African Americans had integrated into white society with enthusiasm, soon reaching congressional offices, before the clock was turned back and while the Ku Klux Klan rose up to run things their way. Some may say that what followed was worse than slavery. Registration, felon status (an old law that was revived in Florida 2000 to keep as many as 94,000 voters from the polls), and other laws still on our books originated then to further isolate blacks from the system. Even the Australian ballot, introduced in the late 1800s, served to weed out more under-educated populations from the voting process.
Jim Crow 2 encompasses further features of segregated society: "The election of 1876, in which stolen electoral votes selected Rutherford B. Hayes, brought the end of Reconstruction and stripped away federal protection of freed former slaves." After blacks' brief breath of freedom, poll taxes and literacy tests kept even more of them from voting. The nearly unanimous SCOTUS decision Plessy V. Ferguson "enshrined [the first Jim Crow's] 'separate but equal' segregation."
The pushback nearly 100 years later may have occurred when black veterans returned here from fighting World War II, where they had fought alongside whites, and refused to bow to Jim Crow. The Brown v. Board of Education decision to integrate schools came next in 1954. The following year, when Rosa Parks refused to yield her bus seat to a white man, the Montgomery bus boycott, the march from Selma to Montgomery, and other nonviolent actions followed. Dr. Martin Luther King Jr. now leading the movement, made contact with JFK, and the Civil Rights and Voting Rights acts seemed to spell out the demise of Jim Crow.
"The Civil Rights movement succeeded in raising black voter participation. African American registration rates soared in Georgia from 19.3% to 60.4%; in Alabama from 19.3% to 61.3%; in Mississippi from 6.7% to 66.5%; in Louisiana from 31.6% to 60.8%," write Fitrakis and Wasserman.
Jim Crow 3 assumes a strange, unexpected guise indeed.
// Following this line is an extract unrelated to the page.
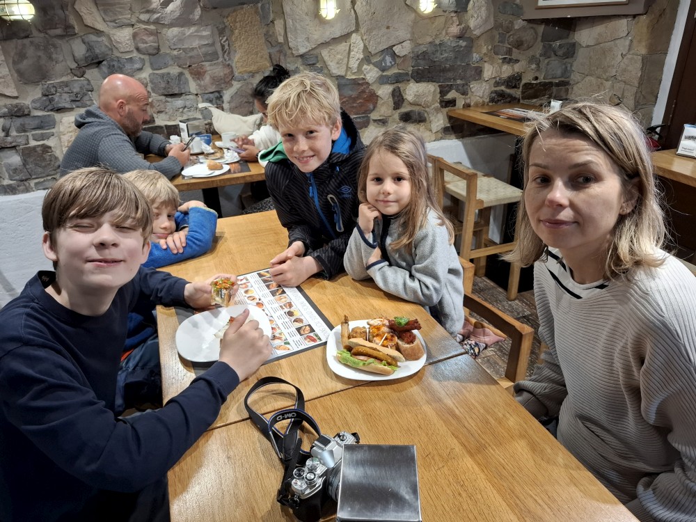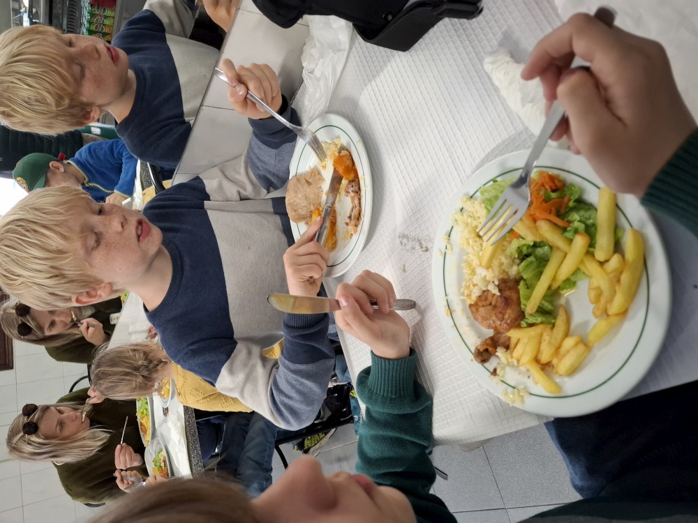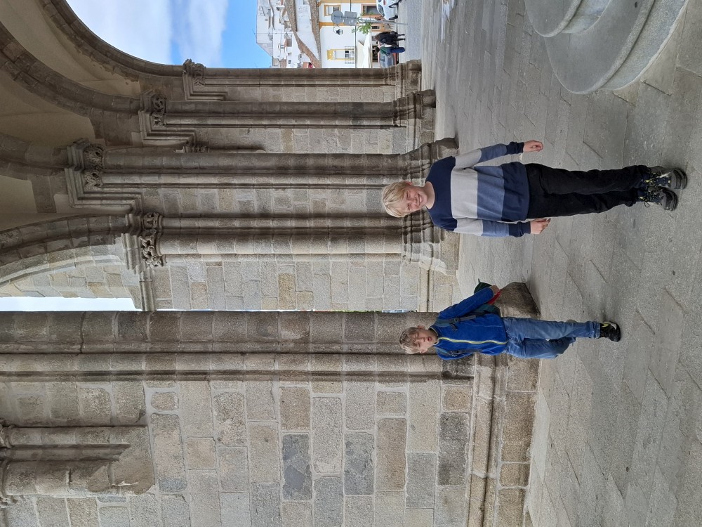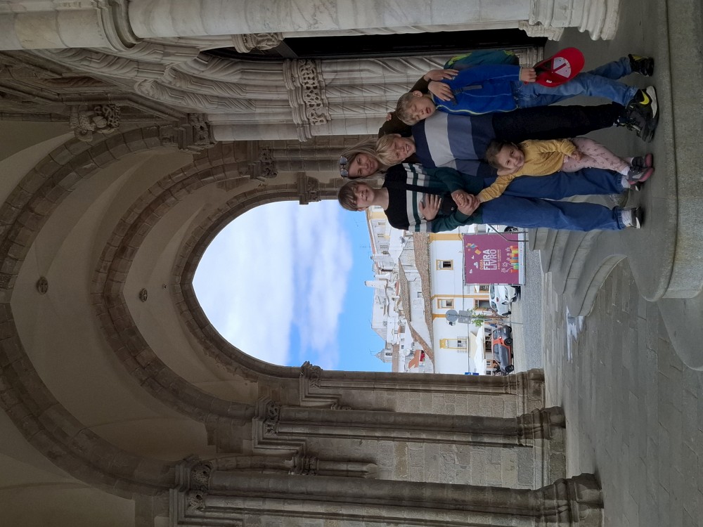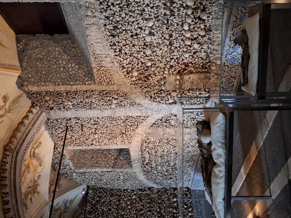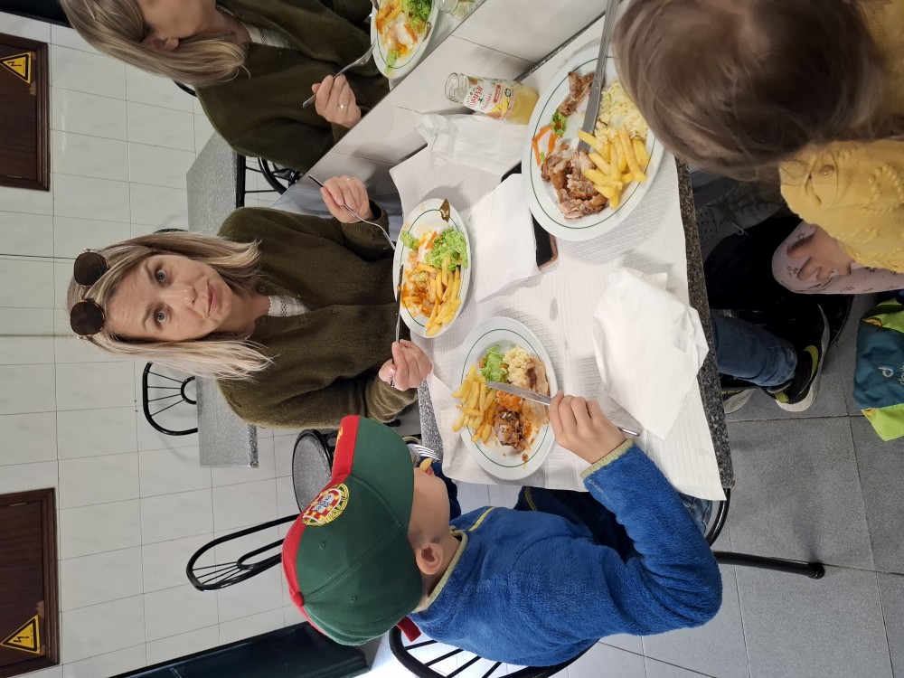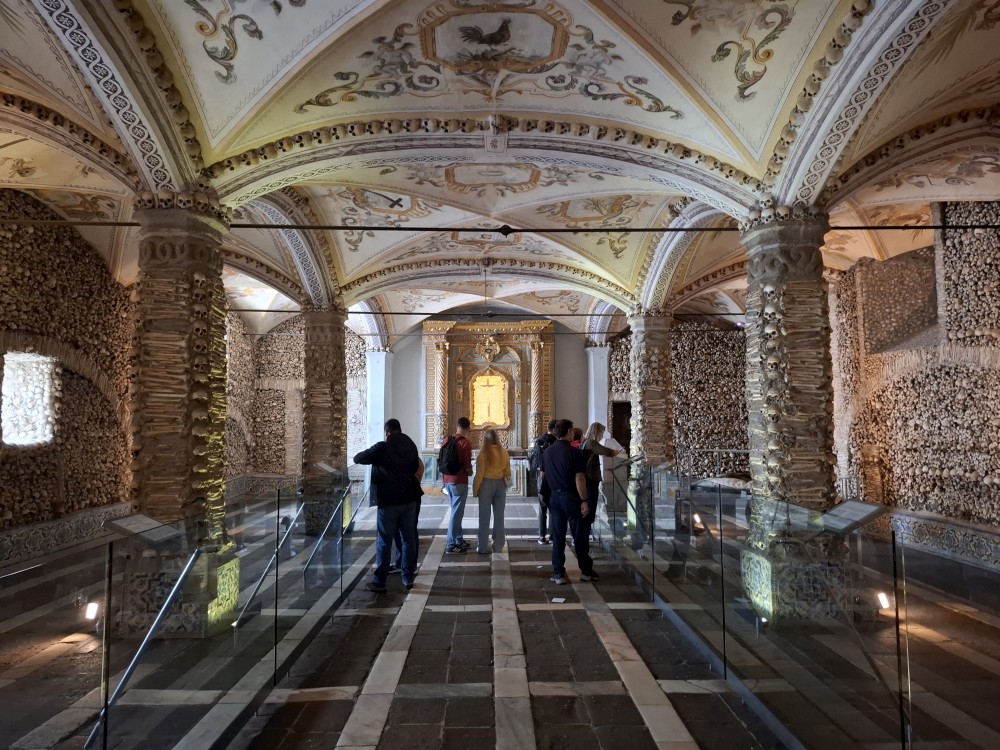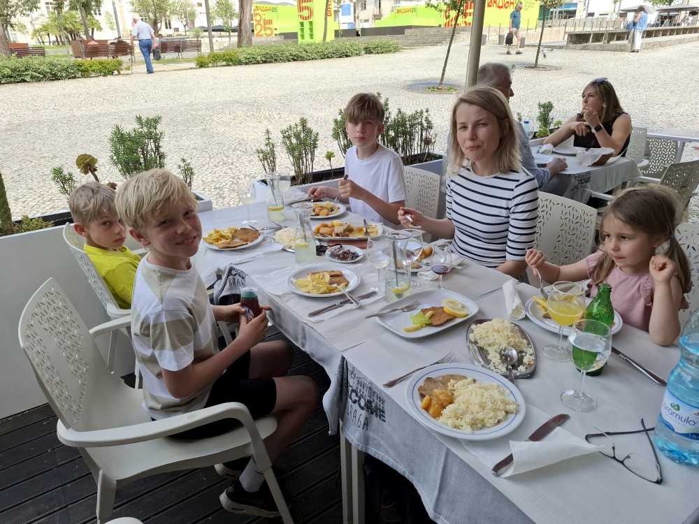 Do kostela můžeme zdarma, do kaple si kupujeme vstupné za 15 EUR pro celou rodinu. Kaple je zajímavá. Stěny jsou vyskládány z kostí a lebek. V patře je pak ještě místní muzeum, děti jezdí proskleným výtahem. Hned vedle kostela vidíme restauraci. Je to restaurace pro místní, ne turistická. Mají tu klasická portugalská jídla za velmi přiznivé ceny (8 EUR velká porce). Objednáváme 3 velká jídla a polévku a společně to sníme. Všichni jsme najezeni do syta. Měli jsme jídlo s kuřetem, jídlo s krůtou a jídlo s vepřovým.

He became the War on Drugs--really a war on blacks--which filled prisons to the breaking point. Privatization of prisons exacerbated the suffering of the by-far largest numbers of "criminals" in the world." Americans serve essentially as cash flow, regardless of the impact of their imprisonment on society as a whole" and "The particular focus on the black community has become an organized assault not unlike US oppression of Third World countries around the world." Fitrakis and Wasserman call this blighted system "the prison-industrial complex."
Everyone smoked pot, but, since Nixon's push in 1971, somehow blacks and Hispanics were rounded up in far greater numbers than whites. The recent push to legalize marijuana is slow indeed, with just a few states having signed on, but citizens are rallying for it in large numbers in many other states. And voting laws are becoming more lenient toward nonviolent felons, many of their convictions drug-related, also gradually but farther along since the 1990s, incentive for some amount of optimism in the midst of this racist morass.
This section, on the Drug Wars as a form of Jim Crow, is the most compelling since it forms a new and shocking chapter in the history of oppression.
"As of 2016, roughly one in every three young African American men are under control of the criminal justice system, i.e., in prison, in jail, or on probation or parole. Millions have lost their right to vote, skewing the electorate strongly toward the GOP"; and "In 2009, according to the Department of Justice, African-Americans made up 12% of the general US population but 60% of the prison population."
But the next two sections shock again: Part 2, "Flip," is subtitled "The Fourth Jim Crow: Race-Based Election Theft Goes Global":
"William Blum's book Killing Hope: U.S. Military and C.I.A. Interventions since World War II lists 57 instances of the United States overthrowing, or attempting to overthrow, a foreign government since the World War II.
Our military and intelligence agencies have regularly interfered in elections, overthrown or killed the rightful victors and installed regimes friendly to the financial interests of American corporations.
The blowback has reshaped our own political system.
The art and science of subverting foreign governments has come home to roost."
The authors expand Blum's list of 57 events hereafter, as endless as human corruption and suffering itself; it begins in 1804, when Haitian slaves overthrew their masters and US intervention subsequently installed puppet dictators, the Duvaliers, at the end of the twentieth century, denying the people their basic human rights; and ends with the rise of ISIS and other terrorist organizations and how they have come to shape our elections "as candidates outdo each other in demanding military solutions to complex problems where armed intervention often makes things worse."